NVIDIA Hopper H100 & L4 Ada GPUs Achieve Record-Breaking Performance In MLPerf AI Benchmarks

 0
NVIDIA Hopper H100 & L4 Ada GPUs Achieve Record-Breaking Performance In MLPerf AI Benchmarks

NVIDIA has just unveiled some record-breaking performances of its Hopper H100 & L4 Ada GPUs within MLPerf AI benchmarks.

Today, NVIDIA is presenting its latest figures achieved within MLPerf Interface 3.0. The three main highlights are the latest Hopper H100 records which show the progress of the flagship AI GPU over the past 6 months with several software optimizations, we also get to see the first results of the L4 GPU based on the Ada graphics architecture which was announced at GTC 2023 and lastly, we have updated results of the Jetson AGX Orin which gets much more faster thanks to similar software and platform power-level optimizations. To sum up, the following are the highlights that we are going to look at today:

  • H100 Sets New Inference Records: Up To 54% more performance vs prior submission
  • L4 Superchargers Mainstream Inference: Over 3X faster than T4
  • Another Big Leap for Jetson AGX Orin: Up To 57% more efficiency vs prior submission
  • For today's benchmark suite, NVIDIA will be taking a look at MLPerf Inference v3.0 which retains the same workloads which were used 6 months ago in prior submissions but the network environment has been added which accurately measures how data is sent into an inferencing platform to get the work done. NVIDIA also reveals that over a product's lifespan, the company can squeeze out almost 2x the performance through software optimizations, and that has already been seen on past GPUs such as the Ampere A100.

    Starting with the Hopper H100 performance tests, we see the MLPerf inference tests in offline and server categories. The Offline benchmarks show up to a 4.5x performance increase over Ampere A100 (BERT 99.9%) while in the Server scenario, the H100 yields an impressive 4.0x performance jump over its predecessor.

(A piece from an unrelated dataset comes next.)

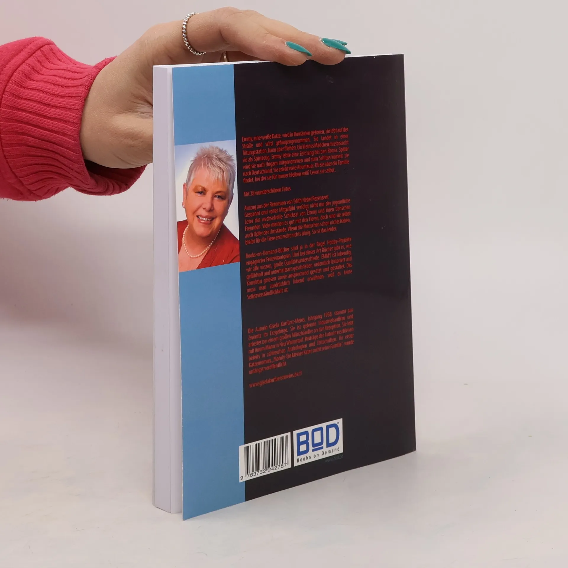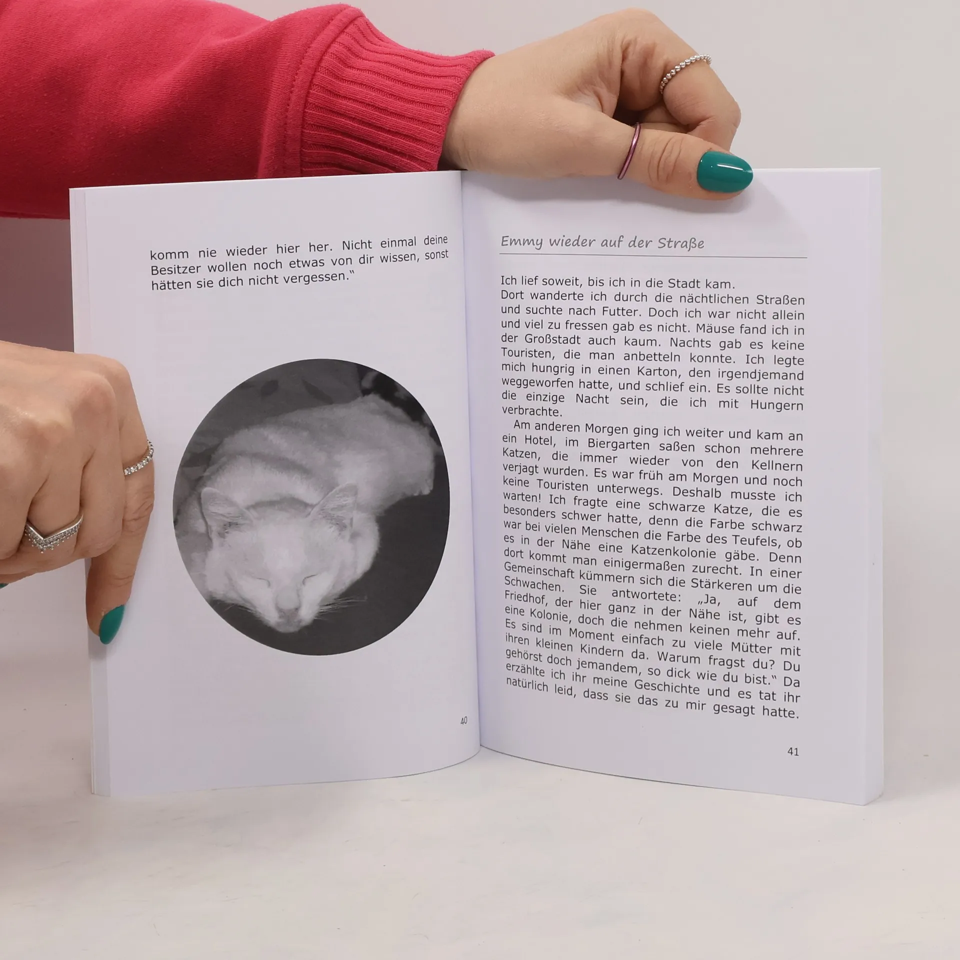 Emmy, eine weiße Katze, wird in Rumänien geboren, erlebt Missbrauch und Flucht aus einer Tötungsstation, lebt bei Roma und reist nach Ungarn und Deutschland. Ihre Abenteuer und die Suche nach einer Familie werden spannend erzählt. Das Buch ist lebendig und gut gestaltet, mit 38 schönen Fotos.

    To achieve this level of performance, NVIDIA is using FP8 performance through its transformer engine that is embedded within the Hopper architecture. It works on a per-layer basis by analyzing all of the work that is sent through it and then attests whether the data can be run in FP8 without compromising efficiency. If for example the data can be run in FP8, then it'll use that, if not, then the transformer engine will utilize the FP16 Math Ops and FP32 accumulate to run the data. Since Ampere didn't have a Transformer engine architecture, it was run on FP16+FP32 rather than FP8.

    Comparing their data to Intel's fastest 4th Gen Xeon Sapphire Rapids chip, the 8480+, the Hopper H100 GPU simply crushes it in all the performance tests and shows why GPUs are still the way to go in terms of inferencing despite Intel using a range of AI-based accelerators on their new chips.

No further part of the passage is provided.